И вот наконец, стоя рядом с другими во взятой напрокат мантии и шапочке, он получил туго свернутый пергаментный свиток, маленький, не больше свернутого в трубку табель-календаря и, подобно календарю, заключавший в себе эти три года — четкие белые линии, ночи в седле на неутомимой лошади и другие ночи, когда он сидел в пальто, согреваясь только теплом лампы, над бесконечными страницами мертвого пустословия. Через два дня он стоял вместе со своими однокурсниками перед коллегией судей в Оксфордском суде и был допущен к адвокатской практике. Теперь все было позади. Всю ночь он провел в ресторане при гостинице, за шумным столом, во главе которого восседал сам председатель суда, окруженный преподавателями права и другими крестными отцами от юриспруденции. Это было преддверие того мира, в который он прокладывал себе дорогу уже три, нет, четыре года, считая тот, первый, когда он еще сам не знал, к чему стремиться. Ему надо было теперь только досидеть, только дождаться, все с тем же непроницаемым лицом, пока отзвучат заключительные слова, утонув в заключительных рукоплесканиях, а потом встать, и выйти из комнаты, и идти дальше, все так же глядя вперед, идти, как шел он уже три года, не спотыкаясь, не оборачиваясь. Но он не мог. Даже теперь, преодолев эти сорок миль на пути к свободе и (он это знал, он говорил себе это) к достоинству и самоуважению, он не мог уйти. Он должен был вернуться назад, в сферу, в орбиту притяжения одиннадцатилетней девочки, которая, даже когда сидит в перемену на ступеньках школьного крыльца, жмурясь на солнце, как кошка, и ест холодную сладкую картофелину, подобна самим богиням в его томиках Гомера и Фукидида, словно и ей дано быть разом и растленной и непорочной, как они — девы и матери воинов и взрослых мужей.
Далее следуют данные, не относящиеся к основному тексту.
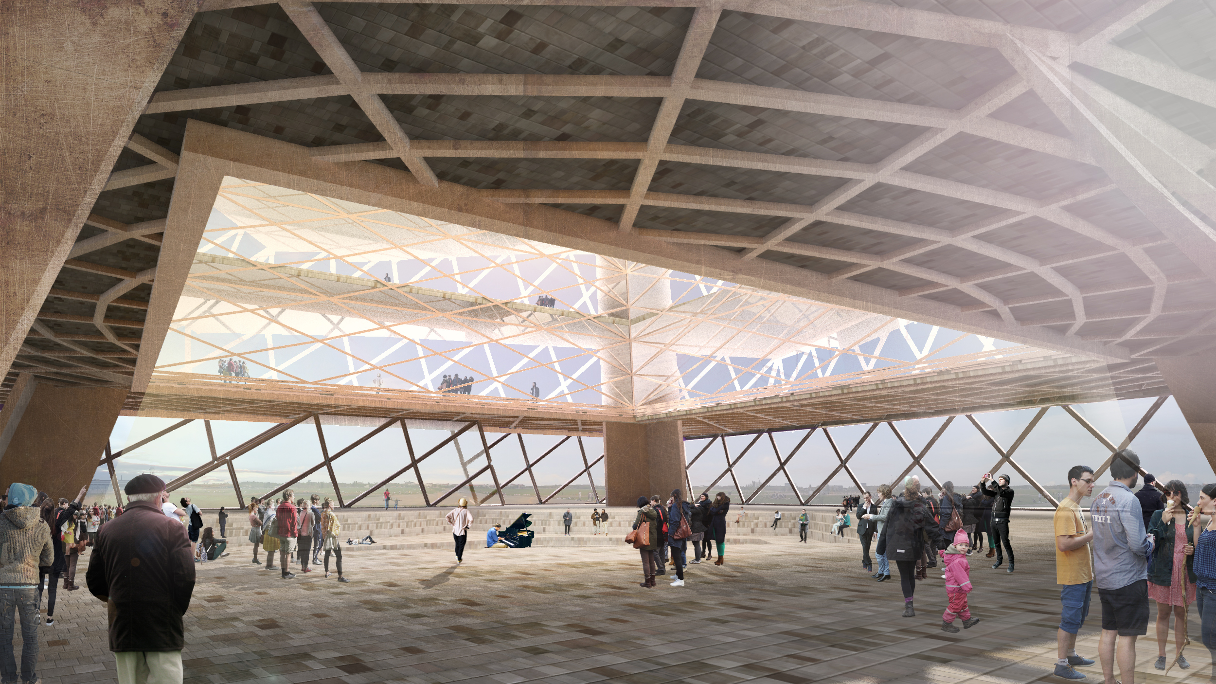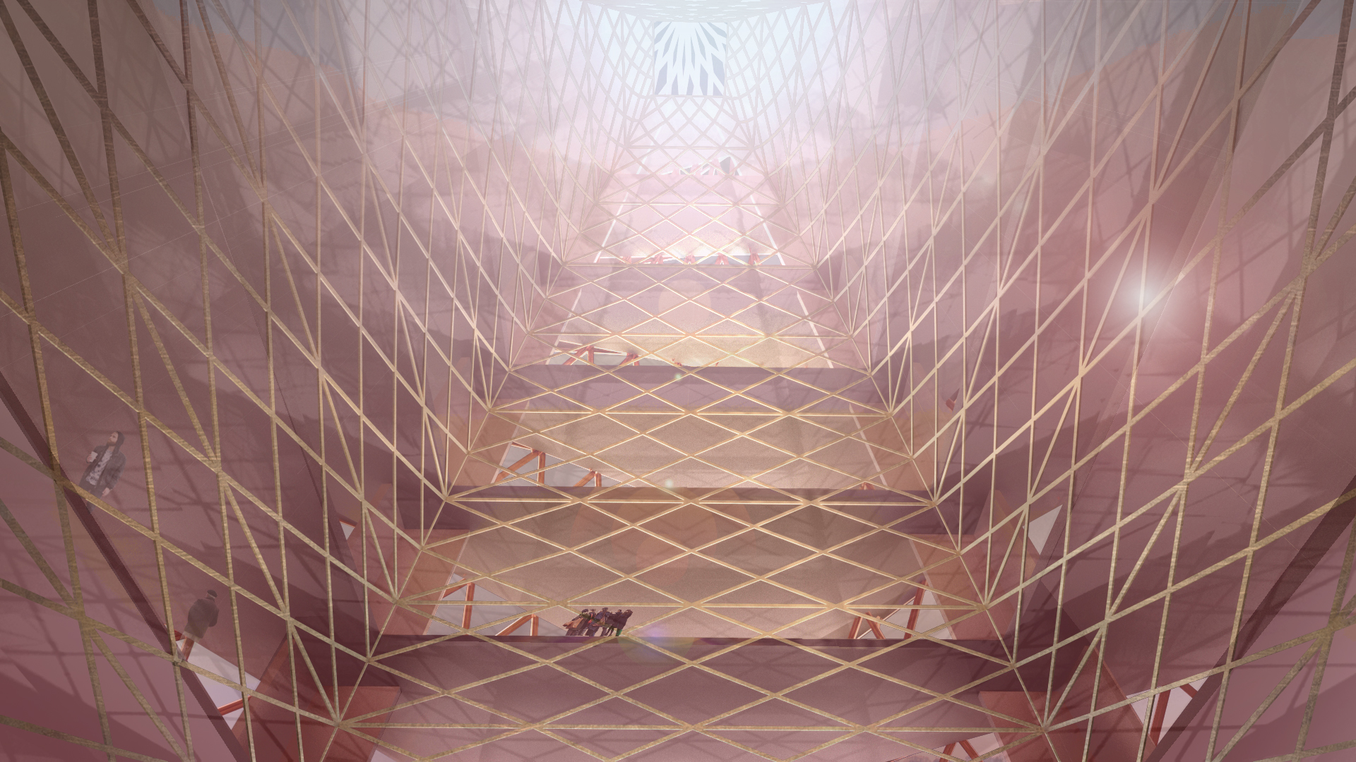 Als Modell wurde eine Pyramide gewählt. Die Drehung der Pyramidensegmente stellt den permanenten Fortschritt dar. Die Halle in der Basis dient der Öffentlichkeit als Raum für Begegnung, Gespräche, Vorträge, Präsentationen, …

В первое же утро, когда брат привез ее в школу, Лэбоув сказал про себя: «Нет. Нет. Не надо. Не оставляйте ее здесь!» Он проработал всего одно полугодие, каждую неделю уезжая ночью в Оксфорд и возвращаясь обратно, да еще в январе, когда сдавал экзамены, пропустил две недели, и все же он не только вытащил школу из того хаоса, в котором оставил ее прежний учитель, но и привел в какой-то порядок учебную программу. Он работал без помощника, в единственной комнате не было даже перегородок, но он разделил учеников по способностям и заставил заниматься, и они не только подчинились, но в конце концов стали заниматься добросовестно. Он не гордился, он даже не был удовлетворен. Но он был доволен тем, что сделан какой-то сдвиг, какой-то шаг если и не к знанию в широком смысле слова, то хотя бы к порядку и дисциплине. И вот однажды утром он отвернулся от грубо сколоченной классной доски и увидел лицо восьмилетней девочки, тело четырнадцатилетней и грудь двадцатилетней женщины, которая, едва переступив порог, принесла в эту холодную, скудно освещенную, плохо отапливаемую комнату, предназначенную служить суровым нуждам протестантского начального образования, влажный дух хмельного весеннего распутства, языческое ликующее преклонение пред изначальным и всемогущим лоном.
Он с первого взгляда понял то, что ее брату, без сомнения, суждено было понять последним. Он понял: она не только не хочет и не будет учиться, но ни в одной книге на свете нет ничего, что могло бы понадобиться ей, появившейся на свет уже во всеоружии для того, чтобы без страха встречать и одолевать все, что может поставить на ее пути будущая жизнь. Он видел девочку, на которую следующие два года ему суждено было смотреть, как ему казалось сначала, лишь со злобой, девочку, которая, видимо, достигла порога зрелости и переступила его еще в утробе матери, и теперь не угрюмая, а в спокойном оцепенении, повинуясь любому воздействию извне, только переносит из одних стен в другие это свойство недвижимого ожидания, несет его за пределы дней, сквозь время, расцветающее ровно и неторопливо, до той поры, когда некий мужчина, чьего лица она, вероятно, еще не видела, а имени не слыхала, сломит и рассеет это ожидание. Пять лет ему было суждено видеть, как брат привозит ее каждое утро, и едва он ее оставит, она замирает на том же месте и почти в той же позе, и руки ее часами неподвижно лежат на коленях, словно два самостоятельных уснувших существа. Если ему удавалось как-то привлечь ее внимание, она отвечала: «Не знаю», а если он настаивал: «Я этого не учила». Казалось, мышцы ее, вся ее плоть были неподвижны, недоступны усталости и скуке, или же она, этот символ дремлющей девственности, была наделена жизнью, но не чувствами, и только ждала, когда явится брат, ревнивый, кипящий злобой евнух-жрец, и увезет ее.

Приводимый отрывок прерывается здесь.